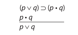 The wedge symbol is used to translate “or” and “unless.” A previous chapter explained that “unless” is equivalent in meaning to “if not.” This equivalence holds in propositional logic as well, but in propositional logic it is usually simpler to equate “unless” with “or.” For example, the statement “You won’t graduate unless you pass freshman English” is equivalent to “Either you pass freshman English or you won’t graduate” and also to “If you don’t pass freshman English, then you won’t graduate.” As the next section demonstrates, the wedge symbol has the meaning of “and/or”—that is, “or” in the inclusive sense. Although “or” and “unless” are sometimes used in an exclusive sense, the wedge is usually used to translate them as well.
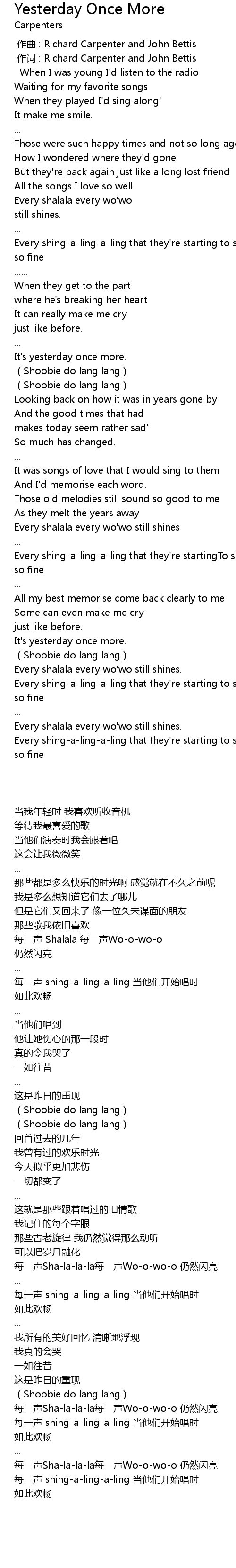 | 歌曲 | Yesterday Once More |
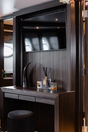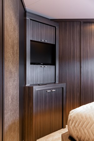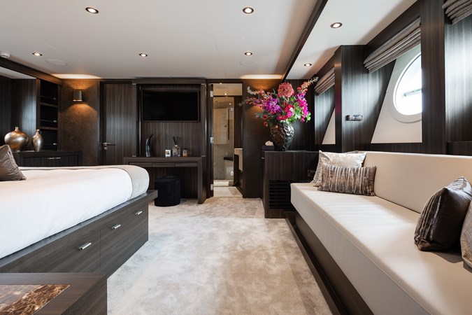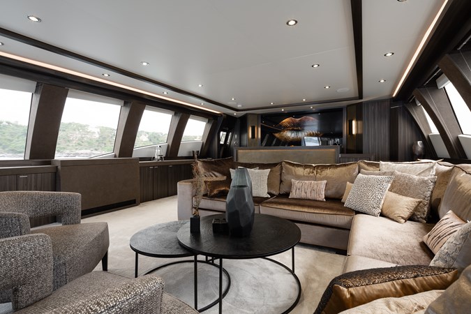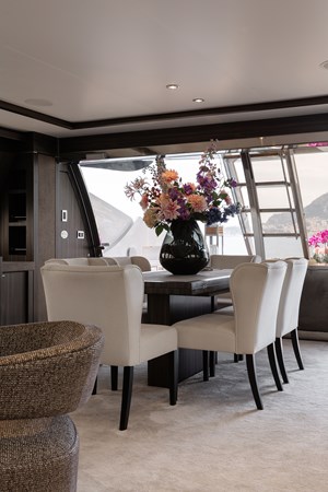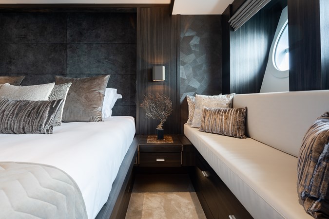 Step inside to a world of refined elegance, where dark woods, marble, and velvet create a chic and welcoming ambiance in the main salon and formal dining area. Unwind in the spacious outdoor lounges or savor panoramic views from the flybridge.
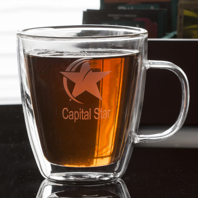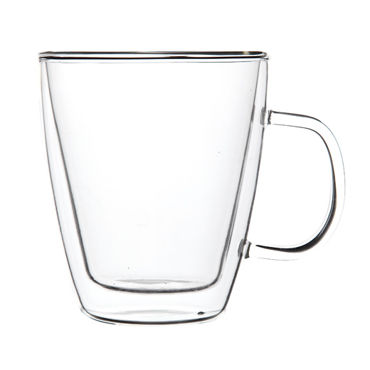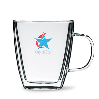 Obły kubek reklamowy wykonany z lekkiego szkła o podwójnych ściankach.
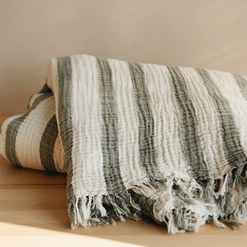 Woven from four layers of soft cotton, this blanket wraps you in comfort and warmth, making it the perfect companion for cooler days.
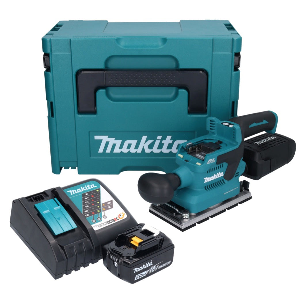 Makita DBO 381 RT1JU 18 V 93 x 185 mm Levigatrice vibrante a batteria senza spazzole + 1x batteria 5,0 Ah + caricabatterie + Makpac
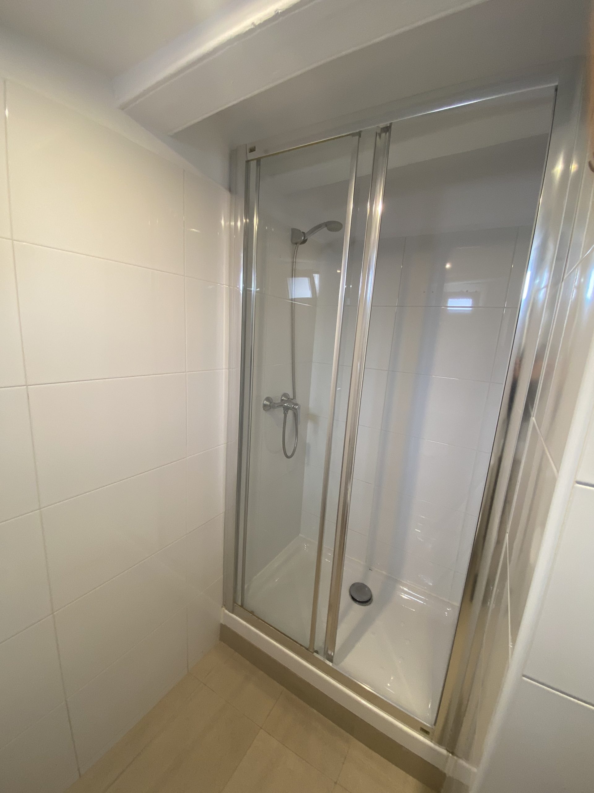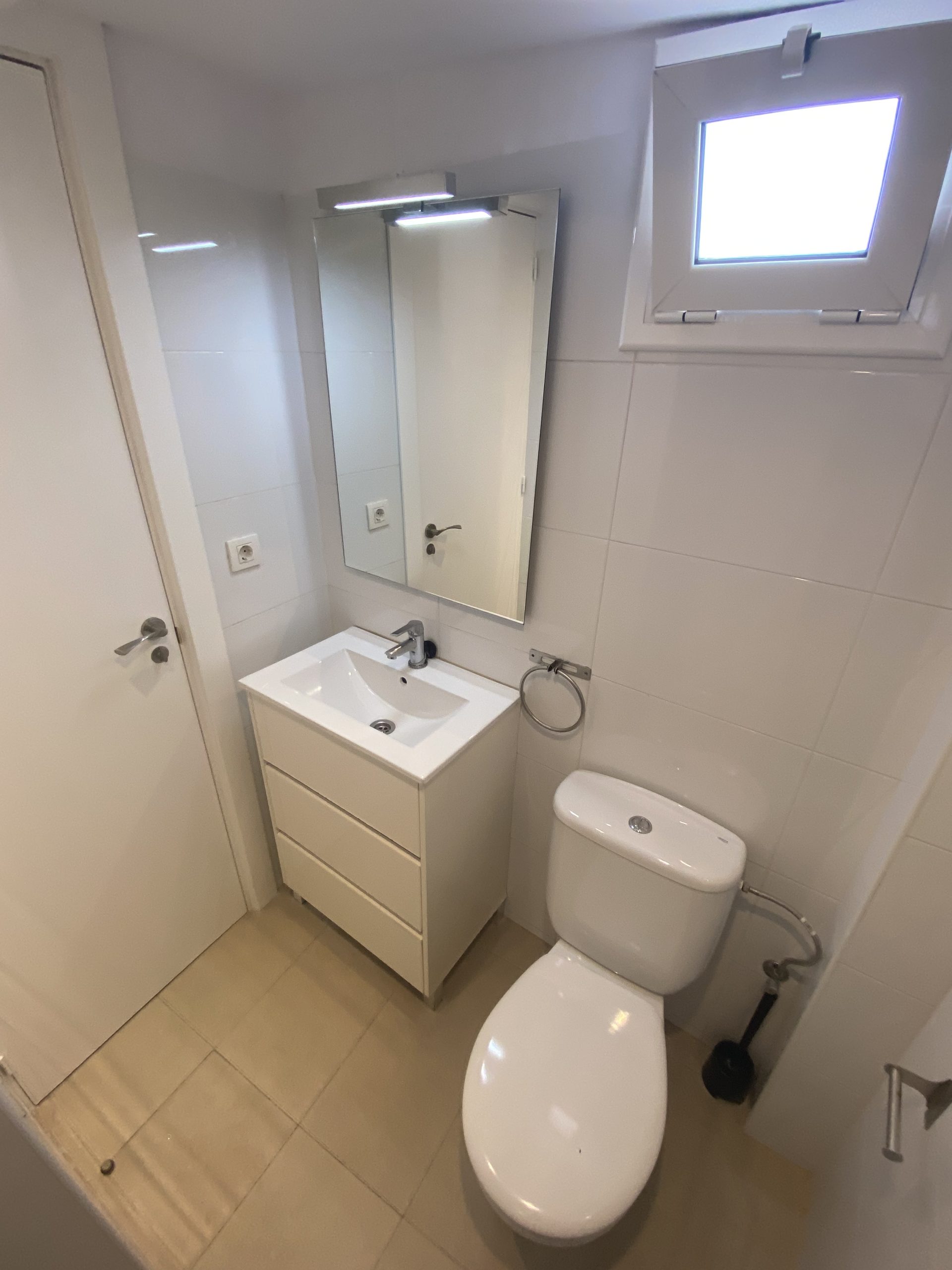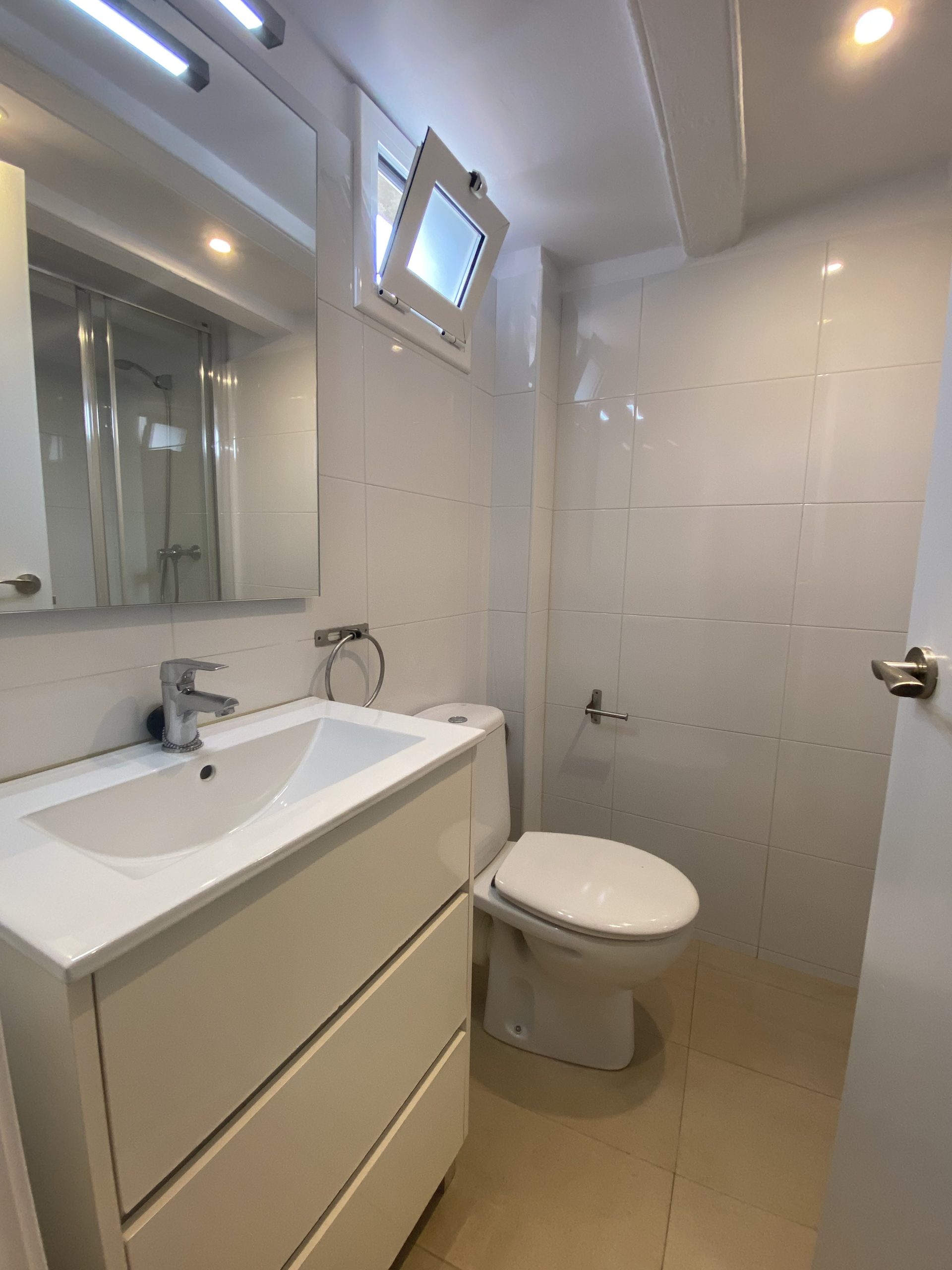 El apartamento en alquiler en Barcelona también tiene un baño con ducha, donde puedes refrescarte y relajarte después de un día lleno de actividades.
########
- PROBLEM STATEMENT -
Drop the pictures, then reproduce exactly the lines from the one with "Makita DBO 381" through the final line of the listing.

- YOUR SOLUTION -
 Makita DBO 381 RT1JU 18 V 93 x 185 mm Levigatrice vibrante a batteria senza spazzole + 1x batteria 5,0 Ah + caricabatterie + Makpac
 El apartamento en alquiler en Barcelona también tiene un baño con ducha, donde puedes refrescarte y relajarte después de un día lleno de actividades.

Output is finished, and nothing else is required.